In GLRLM, the homogeneous dimension runs to a gray level. It is defined with directions and texture indices attained from the matrix like short run, long run, gray level non‐uniformity, run-length non‐uniformity, run ratio, lower gray level run, higher gray level run, short run low gray level, short run high gray level, long run low gray level and long run high gray level. The module \(\left( {a, b} \right)\) of GLRLM is equivalent to homogeneous runs of \(b\) pixels with intensity \(a\) from the image i.e., GLRLM \(\left( {a,b} \right)\). Considering the GLRM matrix with features as previously defined, the features and directions could be accomplished from all the images.

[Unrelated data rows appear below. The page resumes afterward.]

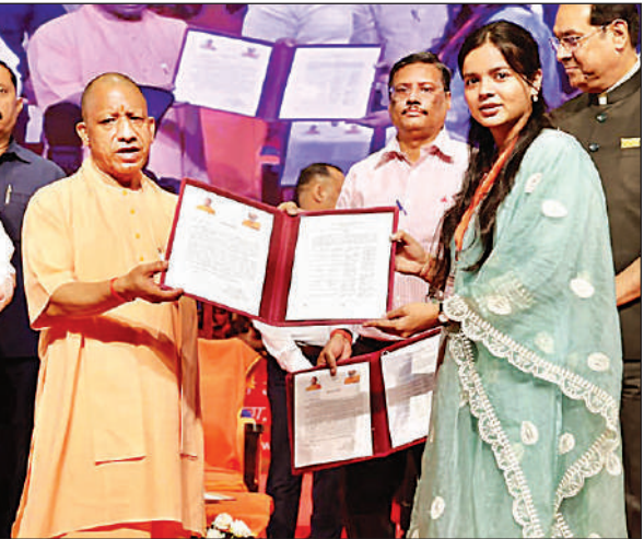
नव चयनित महिला कार्मिक को नियुक्ति पत्र देते मुख्यमंत्री योगी आदित्यनाथ।

अमृत विचार : भगवान विश्वकर्मा जयंती के अवसर पर मुख्यमंत्री योगी आदित्यनाथ ने कारीगरों और शिल्पकारों को बड़ी सौगात देते हुए घोषणा की कि परंपरागत 11 ट्रेड्स के साथ 12 नए ट्रेड्स को विश्वकर्मा श्रम सम्मान योजना में शामिल किया गया है। अब मोबाइल रिपेयरिंग, ऑटोमोबाइल रिपेयरिंग, इलेक्ट्रॉनिक गुड्स रिपेयरिंग, इलेक्ट्रिकल गुड्स रिपेयरिंग, प्लंबर, कंप्यूटर रिपेयरिंग, सोलर पैनल रिपेयरिंग, डिजिटल फोटोग्राफी, ब्यूटी एंड वेलनेस जैसे क्षेत्रों के कारीगर भी योजना से लाभान्वित होंगे। मुख्यमंत्री ने कहा कि इससे युवाओं को आधुनिक तकनीक, आत्मनिर्भरता और वैश्विक बाजार
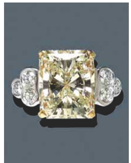
2162 Bague en diamant Environ 16 carats, Fancy Light Yellow / VS2 Avec 6 diamants taillés en brillant d'un total d'environ 1.4 carats, monté sur or blanc.
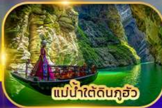
แม่น้ำใต้ดินกุ้อว
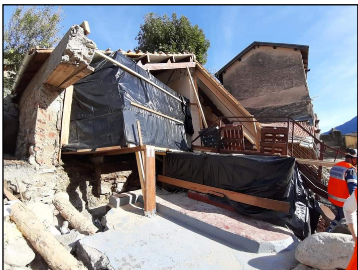
Musée du Patrimoine du Haut Pays à Saint-Martin-de-Vésubie "après sauvegarde des biens existants"
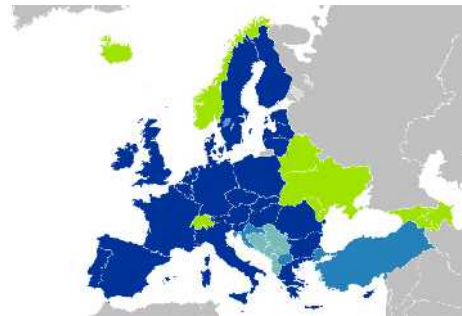
Abb. 20: Staaten der EU

Der Antichrist wird Israel politisch mit Europa solidarisieren, weil er ja auch selbst aus Europa stammen wird. Er wird den Tempel in Jerusalem bauen, nach dem sich die orthodoxen Juden, aber auch die internationalen Freimaurerlogen seit Jahrhunderten gesehnt haben. Die orthodoxen Juden werden ihm zu Füßen liegen, wenn der mosaische Opferdienst im dritten Tempel Jerusalems wieder beginnen wird. Er wird das Land Israel zur Zeit seines falschen Friedensreiches in der biblisch verheißenen Ausdehnung an die Israelis verteilen.

Where \(Q\left( {{\text{a}},{\text{b}}} \right)\) denotes a GLRM matrix, \(a\) depicts a gray level, \(b\) illustrates run length and \(S\) indicates the sum of entire values in GLRM matrix.

$$Short\;run = \sum\limits_{a} {\sum\limits_{b} {\left( {Q\left( {a,b} \right)/b^{2} } \right)/S} }$$
(11)
$$Long\;run = \sum\limits_{a} {\sum\limits_{b} {0^{2} Q\left( {a,b} \right) ) /S} }$$
(12)
$$Graylevel\;non{ - }uniformity = \sum\limits_{a} {,\left( {\sum\limits_{b} {Q\left( {a,b} \right)} } \right)^{2} /S}$$
(13)
$$Run\;length\;non{ - }uniformity = \sum\limits_{b} {,\left( {\sum\limits_{a} {Q\left( {a,b} \right)} } \right)^{2} /S}$$
(14)
$$Run\;ratio = \sum\limits_{a} {\sum\limits_{b} {S/bQ\left( {a,b} \right)} }$$
(15)
$$Low\;gray\;level\;run = \sum\limits_{a} {\sum\limits_{b} {Q\left( {a,b} \right)/Sa^{2} } }$$
(16)
$$High\;gray\;level\;run = \sum\limits_{a} {\sum\limits_{b} {a^{2} Q\left( {a,b} \right)/S} }$$
(17)
$$Short\;run\;low\;gray\;level = \sum\limits_{a} {\sum\limits_{b} {Q\left( {a,b} \right)/Sb^{2} a^{2} } }$$
(18)
$$Short\;run\;high\;gray\;level = \sum\limits_{a} {\sum\limits_{b} {a^{2} Q\left( {a,b} \right)/Sb^{2} } }$$
(19)
$$Long\;run\;low\;gray\;level = \sum\limits_{a} {\sum\limits_{b} {b^{2} Q\left( {a,b} \right)/Sa^{2} } }$$
(20)

LBP features

LBP is referred to as a statistical method used in image processing to examine the image features. It is executed mainly in computer vision applications. The operator develops a binary value \(S\left( {f_{P} - f_{c} } \right)\) for all pixels than center pixel \(\left( f \right)\) and surrounding pixels \(f_{P} = \left( {P = 0,1, \ldots , 7} \right)\) over \(3 \times 3\). LBP measures are carried out through binarization amongst the neighbours of pixels in all images by applying a function (Eq. (21)).

$$LBP_{P,R} \left( {x_{C} } \right) = \mathop \sum \limits_{p = 0}^{P - 1} \mu \left( {x_{p} - x_{c} } \right)2^{p} , \mu \left( y \right) = \left\{ {\begin{array}{*{20}c} {1,} & {y \ge 0} \\ {0,} & {{\text{y}} < 0} \\ \end{array} } \right.$$
(21)

In \(LBP_{P,R}\) equation, \(R\) refers to radius and species of the distance from nearest pixels to intermediate pixels. However, \(P\) implies the count of neighbor pixels. Uniform patterns are determined as binary LBP code i.e., 0–1 or 1–0 and the count of transition is 2. Uniform patterns determine the textures namely, spot, edge, and corner. It is also arranged as \(\left( {P - 1} \right)P + 2\) uniform patterns.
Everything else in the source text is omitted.